▶ SUPPLIED ENTRIES:
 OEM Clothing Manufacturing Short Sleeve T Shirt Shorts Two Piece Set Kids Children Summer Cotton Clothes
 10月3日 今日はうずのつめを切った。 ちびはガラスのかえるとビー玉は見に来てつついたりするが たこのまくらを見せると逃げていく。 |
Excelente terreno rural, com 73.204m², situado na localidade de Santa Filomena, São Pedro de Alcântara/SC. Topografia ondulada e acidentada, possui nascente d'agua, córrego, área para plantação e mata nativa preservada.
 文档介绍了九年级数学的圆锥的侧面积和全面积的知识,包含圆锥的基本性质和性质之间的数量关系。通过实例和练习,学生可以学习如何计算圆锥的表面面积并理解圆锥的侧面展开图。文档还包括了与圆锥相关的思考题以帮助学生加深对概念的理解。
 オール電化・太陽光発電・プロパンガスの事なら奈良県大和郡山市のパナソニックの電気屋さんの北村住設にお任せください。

* * *

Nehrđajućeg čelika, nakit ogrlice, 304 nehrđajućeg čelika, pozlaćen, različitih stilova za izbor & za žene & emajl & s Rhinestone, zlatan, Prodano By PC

▶ TASK TO COMPLETE:
Please write out, exactly as they appear above, only the lines in the stretch from the line with "Excelente terreno rural, com" through the line with "オール電化・太陽光発電・プロ".

▶ SOLUTION FOR THIS EXERCISE:
Excelente terreno rural, com 73.204m², situado na localidade de Santa Filomena, São Pedro de Alcântara/SC. Topografia ondulada e acidentada, possui nascente d'agua, córrego, área para plantação e mata nativa preservada.
 文档介绍了九年级数学的圆锥的侧面积和全面积的知识,包含圆锥的基本性质和性质之间的数量关系。通过实例和练习,学生可以学习如何计算圆锥的表面面积并理解圆锥的侧面展开图。文档还包括了与圆锥相关的思考题以帮助学生加深对概念的理解。
 オール電化・太陽光発電・プロパンガスの事なら奈良県大和郡山市のパナソニックの電気屋さんの北村住設にお任せください。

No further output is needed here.